The charge of ELO funding is to increase learning opportunities outside the traditional school day, with an additional emphasis on social emotional learning. While some of those concepts might seem new and trendy, they also happen to align perfectly with the Hi Hill tradition in the LBUSD that dates back to the 1940s.

With the funding in place, the LBUSD team began looking at Hi Hill with the possibility of re-opening it—but they quickly realized that the original site would not work. There’s the issue of the buildings having sat unused for more than a decade, which is a big hurdle, but the real stumbling block is fire safety.

Hi Hill only has one road in and out—under modern state fire regulations passed because of increased wildfires in California, that would have to change.

“We would be required to upgrade the roads,” said Moskovitz. “We’d have to fund a new road in and out—and even so, the camp is a walk from the parking lot.
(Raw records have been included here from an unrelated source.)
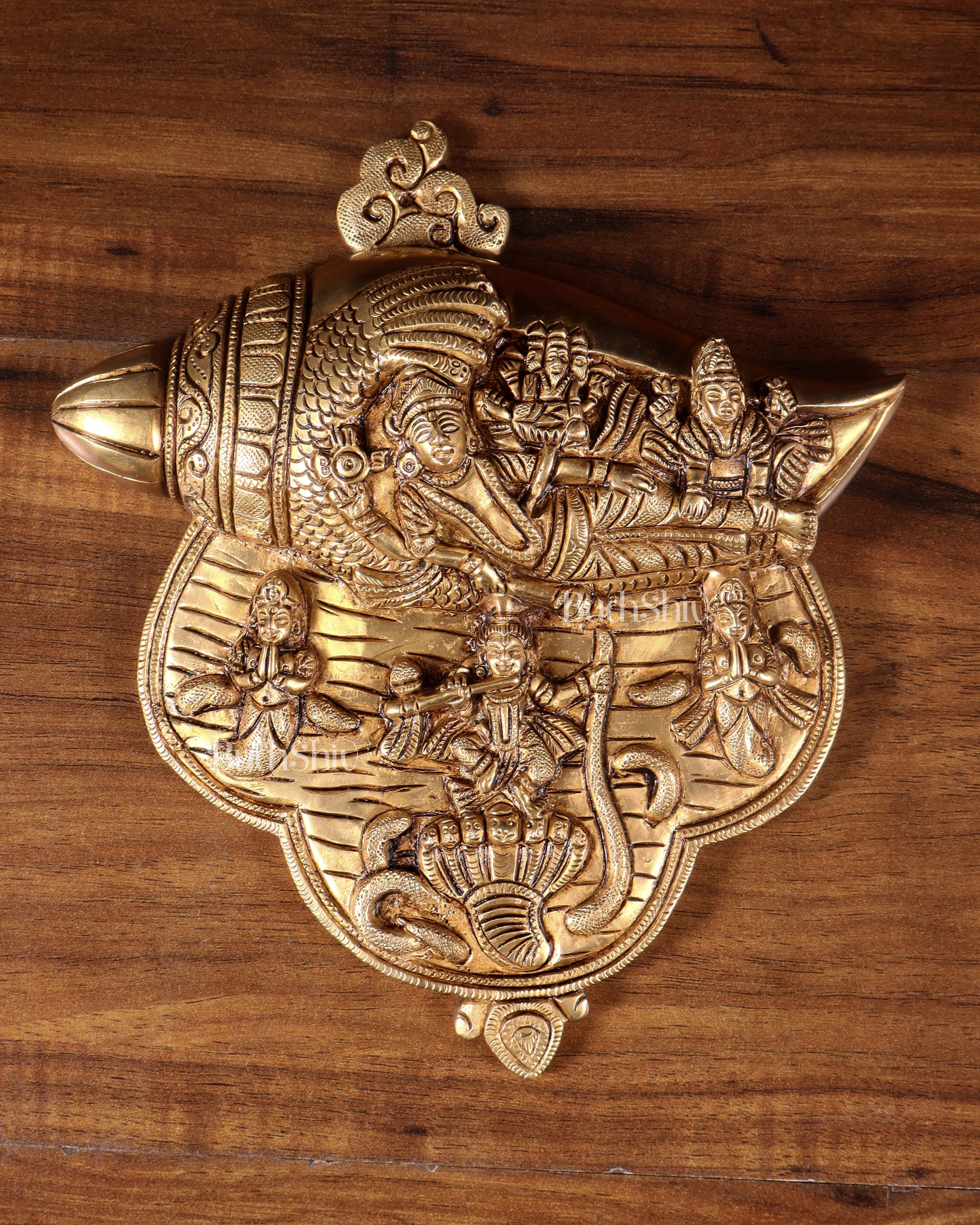 Pure Brass Lakshmi Narayana with Kalinga Krishna Carved on Shankh | Wall Hanging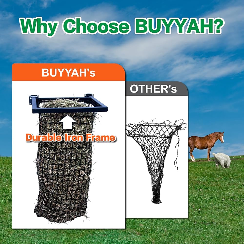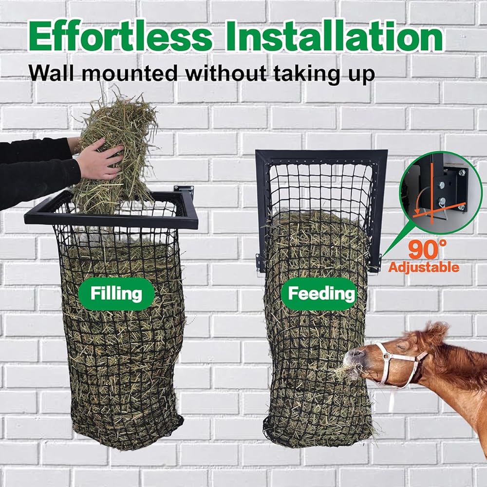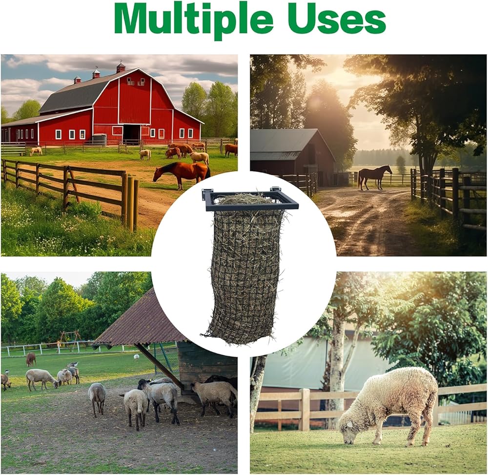 • شديدة التحمل وقوية: مصنوعة من هيكل حديد كامل يدوم طويلاً، رف قش الحصان قوي وغير مشوه ويمكن استخدامه لفترة طويلة.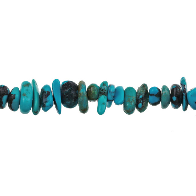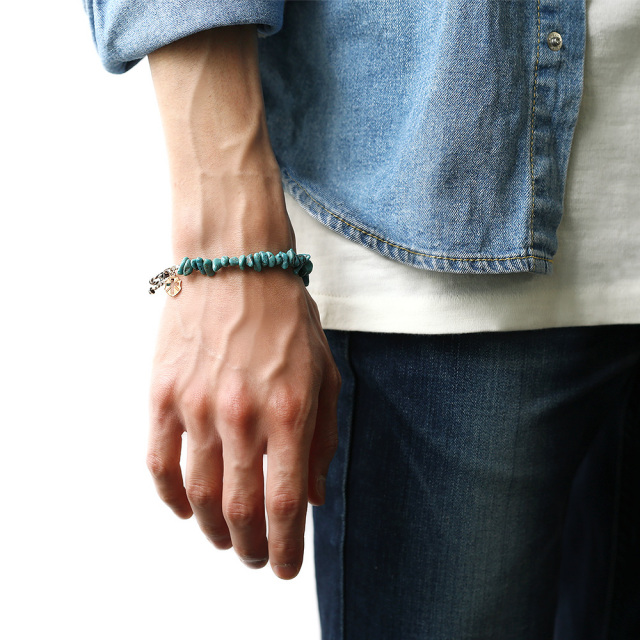 天然のターコイズを使用している為大きさやカラーが一つ一つ違います。そこがまた一層雰囲気が良くナチュラルなテイストを出しています。ジョイント部にはシルバー925に燻し加工を施しアンティーク感を出しています。
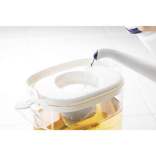 取っ手を起こすと自動的に注水口のフタが開き、楽にお茶を注げます!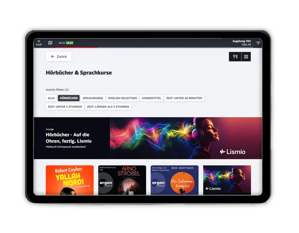 Unsere erfolgreiche Kooperation mit der Deutschen Bahn macht dieses besondere Angebot möglich – und im ICE Portal findest du direkt den Link zu unsere Marketing-Plattform Lismio, um noch mehr Hörbuch-Vielfalt kennenzulernen. Seit Dezember ist Lismio dadurch noch sichtbarer, und zwar in der gesamten ICE Flotte!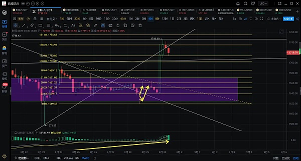 以太坊行情分析:行情经过多日来的盘整修复,在昨天晚间终于走出一波大的反弹,连续突破上方高点压制,最高涨至1746附近,而长路在最近几天的行情分析中都有指出,日线有出现底背离的态势,突破上方1700,就要关注到1720和1745附近的压制,果然多日以来的等待,终于走出,行情不会缺失,只会迟到。昨天行情的这波反弹,顺利的站稳了周线下轨的支撑,有继续向上突破的趋势,而日线方面,前天行情走出长下引线十字星,昨天的一波大涨,有走出启明之星的趋势,而受到上方日线中轨的压制,价格若能顺利站稳中轨支撑,那么将有机会继续反弹,若是跌破,那么将有机会继续测试下方5/10均线1690附近的支撑。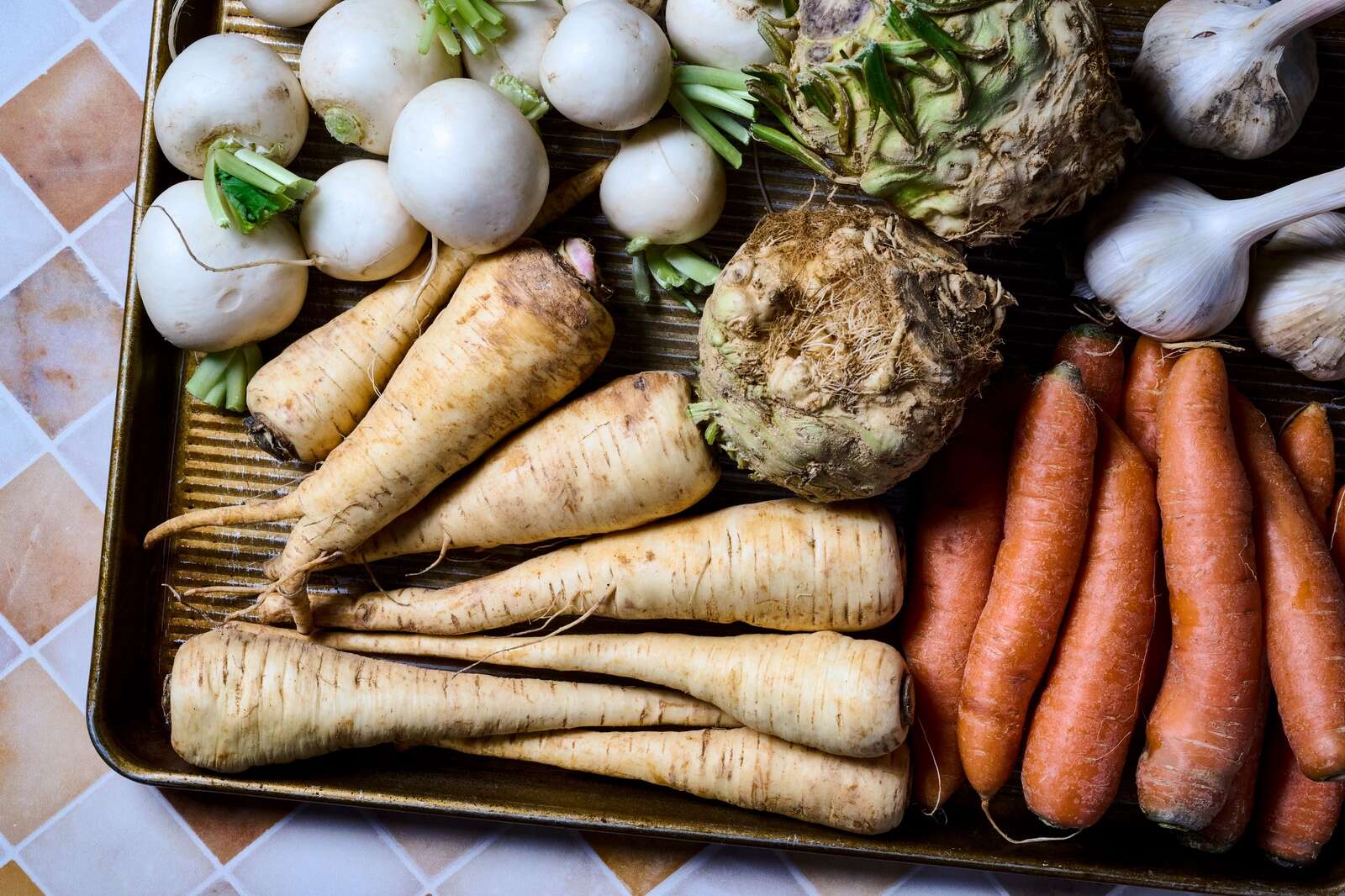 4 cups diced root vegetables, such as carrots, parsnips, celery root, rutabaga and turnips (½-inch dice)

If there were a fire, it would be almost impossible for transportation to get to the camp to evacuate them.”

In other words, re-opening Hi Hill Outdoor School wouldn’t just require upgrading some cabins. It would also require two 1-mile roads being constructed in the mountains.

Because the LBUSD already has a partnership with the YMCA of Greater Long Beach, Camp Oakes became the next site to look at. Oakes has a very similar layout and already has programs with school districts to bring students there.

“Their service area is Long Beach, so they had a lot of interest in making that available to us,” said Moskovitz.

What’s next for Hi Hill and the LBUSD?

Contracts to present to the LBUSD board have not been finalized yet, but planning is well underway, and it’s likely that the board will have something to vote on in early 2023. The LBUSD will require about 80% of the available weeks at Camp Oakes, making it a big partnership between the district and the LB YMCA.

Once an agreement is signed, a curriculum will be developed, with input from some current fourth graders and families who will be among the first to go next year. The district team, which has already toured Oakes, will go up again in the spring. Moskovitz was part of the team that went up earlier in 2022.

“We took a tour of the facility, and surprising to me—not surprising to the folks at Camp Oakes—a lot of the programming they run is very similar to what was run at Camp Hi Hill,” he said. “It’s a model that’s been developed over the last 50 years, a lot of the same songs and routines and daily structures, sleeping arrangements, things that are very familiar to what we had at Hi Hill.”

The plan with the ELO funding will be that the trips will be fully funded next year and for the foreseeable future, with no cost to campers. That means beginning next school year, Long Beach fifth graders across the city will once again have the opportunity to go out into nature for a week as part of a public school program.

“I think after the last two challenging years, our students having opportunities to experience nature and…disconnect from the grind here (is great),” said LBUSD boardmember Juan Benitez. “I think it’s wonderful.”

For Moskovitz and the rest of the LBUSD team, that experience was the reason it was worth the hard work to try and revive the program.

“Students who don’t have the opportunities to be in the mountains or snow get that chance to connect with nature,” he said. “To spend a week there, that effect is profound. And as we continue to develop social emotional learning, the value in helping students connect with each other, too. It’s so much more powerful when you can get them away from their environment and day-to-day challenges and just connect in a place that’s peaceful and beautiful.”